Mauritania: When and how did a president of Mauritania dispaly Islamic ideology??? And how’s their reign different from that of secular or Christian African leaders? The problems of Mauritania and Uganda are common to Africa and developing countries, regardless of religion.

Syria: Hafez al Assad is the anti-Christ to the Islamic types (heh). He consolidated his hold over Syria only after massacring the Muslim Brothers in Hama in 1982. He’s Alawi, his ideology is socialist and his regime secular.

Algeria: You do realise that the Islamic Armed Group was murdering mainly other Muslims, in what they thought was a good bid for power? If anything, Algerians, Arab and Berber, hate the Jama’ah.

Now I admit to not knowing much about the Assyrians (on preview, thanks tomndebb), but in the other examples you came up with, how the hell does Islam fit in?

As for this thread, it is an oversimplification to assume that Muslim perpetrators of violence are solely motivated by religion.
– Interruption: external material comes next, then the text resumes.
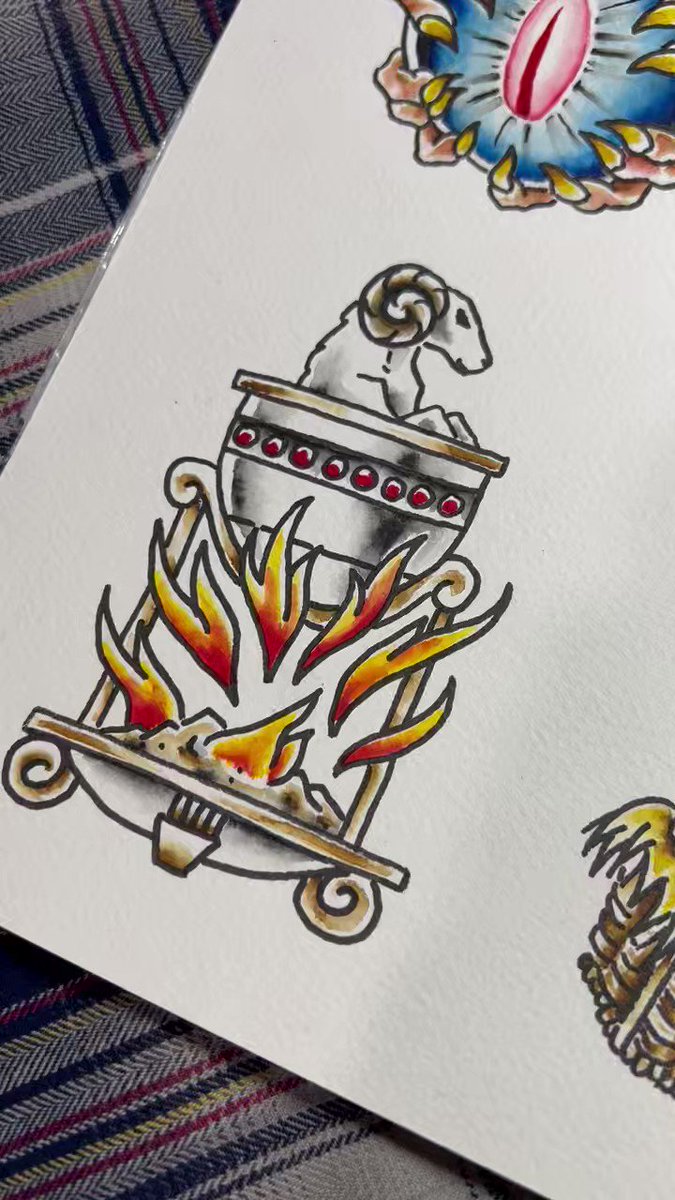 Just wrapped up a new piece on my #Flashsheet. Fun one for the upcoming #PaintNight on October 26th. #handpaintedtattooflash #Art 🎨🖌 youtube.com/shorts/59Dq49h…

Economic, cultural, and historical factors can provide a much more encompassing and in-depth explanation.

It was clearly religious violence, and who caried it out is not debatable (a group of Mormons lead by John D. Lee). There is some debate as to whether Brigham Young, and the other Mormon leaders, directly ordered it.

Hmm . . . Had I known that Christianity included accessorizing, I might have gotten into it . . .

Woo-hoo! Geeve a look at some of our past Mother Teresa threads and see which of the two you name is more evil and deadly!

Obviously, I was using Mother Teresa as an example. I really don’t think this is the place to get into the controversy regarding her again…but suffice to say, I do not buy into your idea that she is “evil.”